Halo_ First Strike - Eric S. Nylund [3]
The Pelican's aft section had been stripped of the padded crash seats that usually lined the section's port and starboard sides. The life-support generators on the firewall between passenger and pilot's compartment had also been discarded to make room. Under other circumstances, such modifications would have left the Pelican's troop bay unusually cavernous. Every square centimeter of space, however, was occupied.
Twenty-seven Spartans braced themselves and clung to the frame of the ship; they crouched in their MJOLNIR armor to absorb the shock of their rapid descent. Their armor was half a ton of black alloy, faintly luminous green ceramic plates, and winking energy shield emitters. Polarized visors and full helmets made them look part Greek hero and part tank—more machine than human. At their feet equipment bags and ammunition boxes were lashed in place. Everything rattled as the ship jostled through the increasingly dense air.
Fred hit the COM and barked: "Brace yourselves!" The ship lurched, and he struggled to keep his footing.
SPARTAN-087, Kelly, moved nearer and opened a frequency. "Chief, we'll get that COM malfunction squared away after we hit planetside," she said.
Fred winced when he realized that he'd just broadcast on FLEETCOM 7: He'd spammed every ship in range. Damn it.
He opened a private channel to Kelly. "Thanks," he said. Her reply was a subtle nod.
He knew better than to make such a simple mistake—and as his second in command, Kelly was rattled by his mistake with the COM, too. He needed her rock-solid. He needed all of Red Team frosty and wired tight.
Which meant that he needed to make sure he held it together. No more mistakes.
He checked the squad's biomonitors. They showed all green on his heads-up display, with pulse rates only marginally accelerated. The dropship's pilot was a different story. Mitchell's heart fired like an assault rifle.
Any problems with Red Team weren't physical; the biomonitors confirmed that much. Spartans were used to tough missions; UNSC High Command never sent them on any "easy" jobs.
Their job this time was to get groundside and protect the generators that powered the orbiting Magnetic Accelerator Cannon platforms. The fleet was getting ripped to shreds in space. The massive MAC guns were the only thing keeping the Covenant from overrunning their lines and taking Reach.
Fred knew that if anything had Kelly and the other Spartans rattled, it was leaving behind the Master Chief and his handpicked Blue Team.
Fred would have infinitely preferred to be with Blue Team. He knew every Spartan here felt like they were taking the easy way out. If the ship-jockeys managed to hold off the Covenant assault wave, Red Team's mission was a milk run, albeit a necessary one.

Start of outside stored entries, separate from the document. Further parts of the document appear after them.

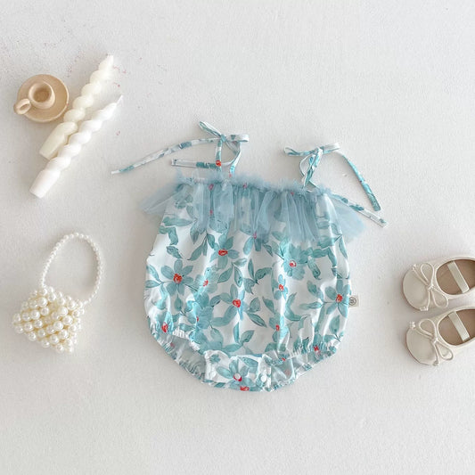 Body de tul decorado con estampado de flores de color liso de manga larga para niñas recién nacidas en otoño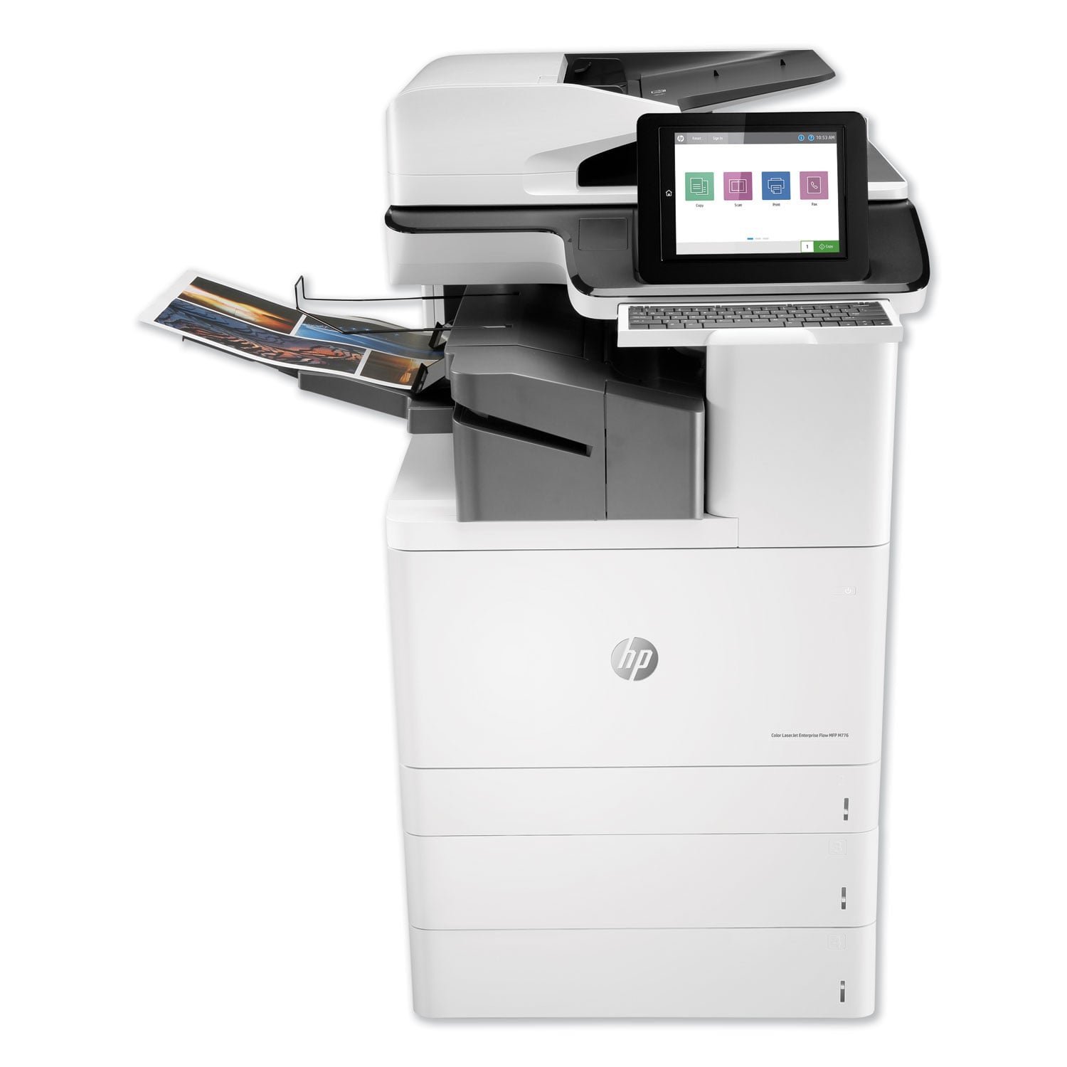 HP printers have the industrys strongest security because theyre always on guard, continually detecting and stopping threats. Expect brilliant color prints from advanced MFPs, equipped with Jet-Intelligence technology. Help workgroups capture every page easily and detect potential errors or missed pagesevery time. Offering the world’s most secure printing and a wide range of paper handling features, this is printing that helps save time and simplifies workflows. Color LaserJet Enterprise Flow MFP M776zs. Machine Functions: Copy; Fax; Print; Scan; Printing Type: Laser; Maximum Print Speed (Black): 45 ppm; Maximum Print Speed (Color): 45 ppm.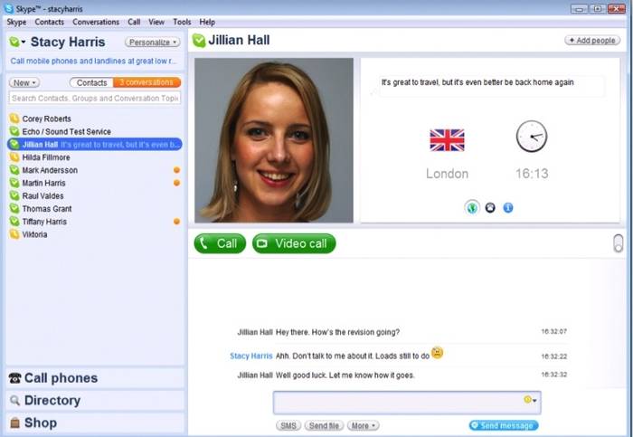 - возможность интеграции с социальной сетью Фейсбук (можно отправить другу в Фейсбуке сообщение из скайпа);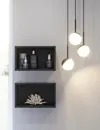 Som vägglampa kan du använda den mångsidiga Bright-lampan, som kan användas som vägg-, tak- eller spegellampa. Du kan också använda våra pendlar i hörnen av ditt badrum för stämningsfull badrumsbelysning. Du kan också använda våra LED-badrumslampor ovanför dina skåp, både som en bra arbetsbelysning, men naturligtvis också som bra belysning i hela badrummet.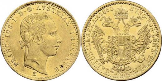 Dukát 1860 E, 3.479g, dr.hr., nep.rysky, patina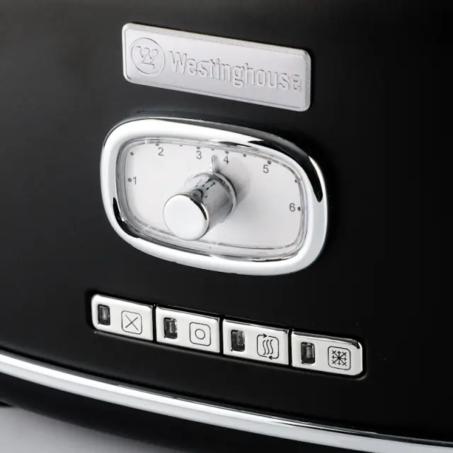 Westinghouse Retro Black 2 Slice opekač kruha ima sistem samodejnega centriranja, ki ohranja kruh na sredini za enakomerno popečenje na obeh straneh.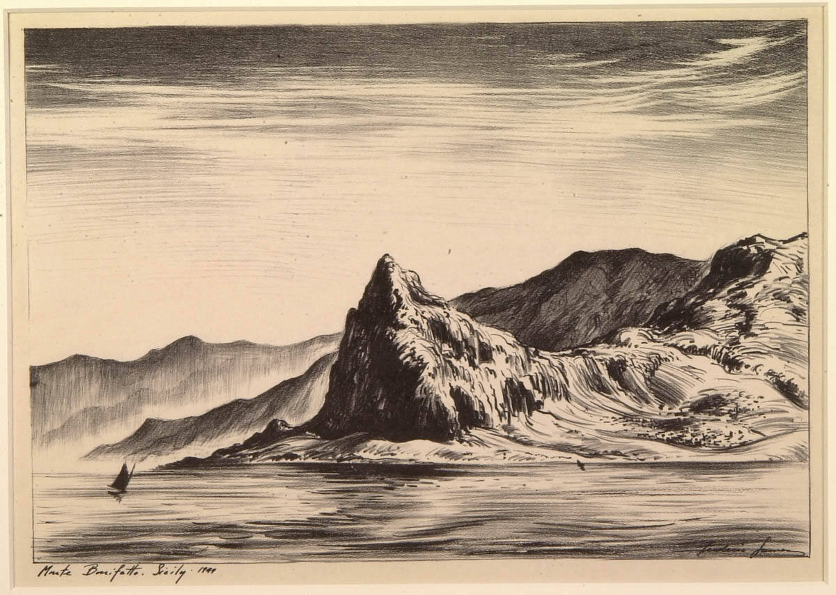 DescriptionOn far side of water, center, pointed promontory extending right into lower saddle, rising to blunt peak, right middle, diminishing slope, left. Beyond, range of mountains lessening in height, right to left. center, darkening toward top, with streaming white clouds interspersed. Small sail boat, lower left center.Copyright© Estate of Frederic James
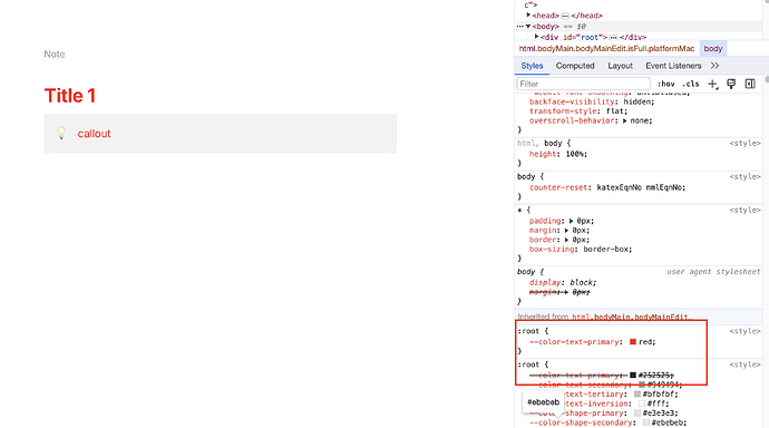 For example, --color-text-primary seems to be the color variable for the darkest black text, so we can write it this way in the custom.css file: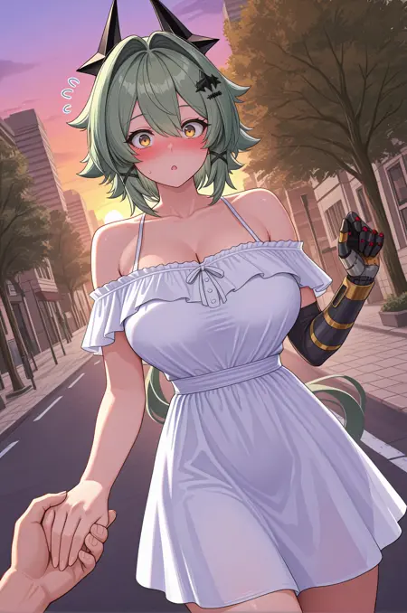 외모: kgc, 녹색 머리카락, 노란 눈, 머리카락이 눈 사이로 흐르는 것, 옆머리, 낮은 꼬리, x 머리 장식, 머리 장식, 가짜 뿔, 큰 가슴, 한쪽 기계 팔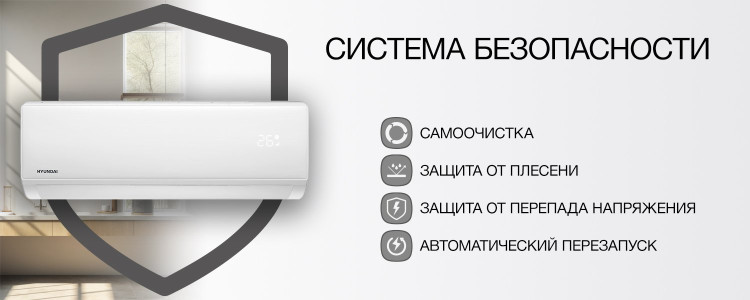 Безпека під час експлуатації електроприладів — один з пріоритетів компанії HYUNDAI, тому кондиціонери бренду оснащені низкою захисних функцій. Серед них — функція самоочищення, яка автоматично очищує систему після завершення роботи, запобігаючи накопиченню пилу та забруднень усередині приладу. Антибактеріальне покриття захищає внутрішні компоненти від утворення плісняви. Захист від перепадів напруги миттєво зупиняє роботу системи у разі коливань в електромережі, запобігаючи пошкодженням. А функція автоматичного перезапуску дає змогу пристрою відновити роботу з попередніми налаштуваннями після раптового вимкнення живлення.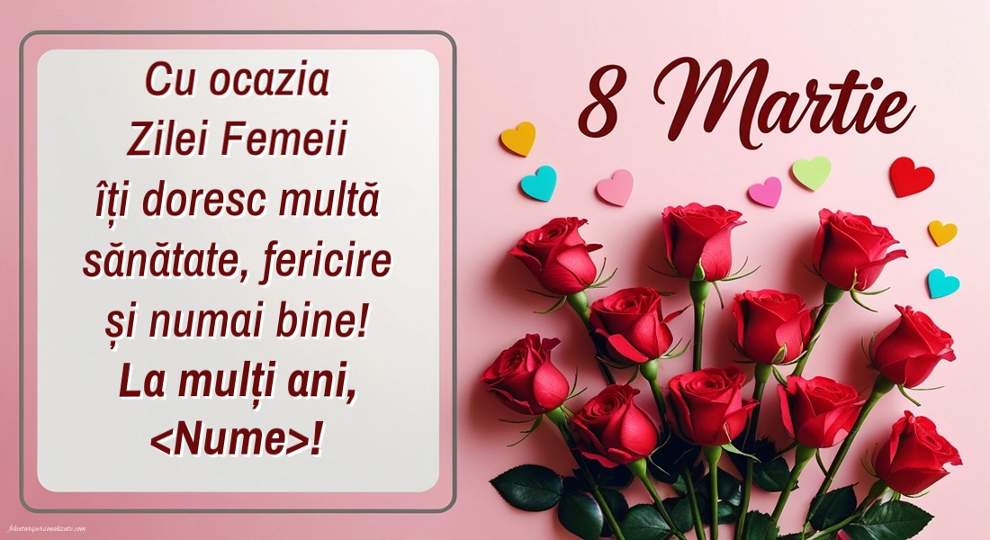 Felicitare personalizată de 8 Martie cu trandafiri roșii și inimioare – o alegere elegantă și plină de emoție pentru a transmite cele mai frumoase urări de Ziua Femeii. Designul romantic este completat de mesajul: „Cu ocazia Zilei Femeii îți doresc multă sănătate, fericire și numai bine! La mulți ani, {Nume}!”, transformând felicitarea într-un cadou digital special pentru persoana dragă.

Kelly's hand bumped into Fred's shoulder, and he recognized it as a consoling gesture. Kelly's razor-edged agility was multiplied fivefold by the reactive circuits in her MJOLNIR armor. She wouldn't have "accidentally" touched him unless she meant it, and the gesture spoke volumes.
Before he could say anything to her, the Pelican angled and gravity settled the Spartans' stomachs.
"Rough ride ahead," the pilot warned.
The Spartans bent their knees as the Pelican rolled into a tight turn. A crate broke its retaining straps, bounced, and stuck to the wall.
The COM channel blasted static and resolved into the voice of the Longsword's pilot: "Bravo Two-Six, engaging enemy fighters. Am taking heavy incoming fire—" The channel was abruptly swallowed in static.
An explosion buffeted the Pelican, and bits of metal pinged off its thick hull.
Patches of armor heated and bubbled away. Energy blasts flashed through the boiling metal, filling the interior with fumes for a split second before the ship's pressurized atmosphere blew the haze out the gash in its side.
Sunlight streamed though the lacerated Titanium-A armor.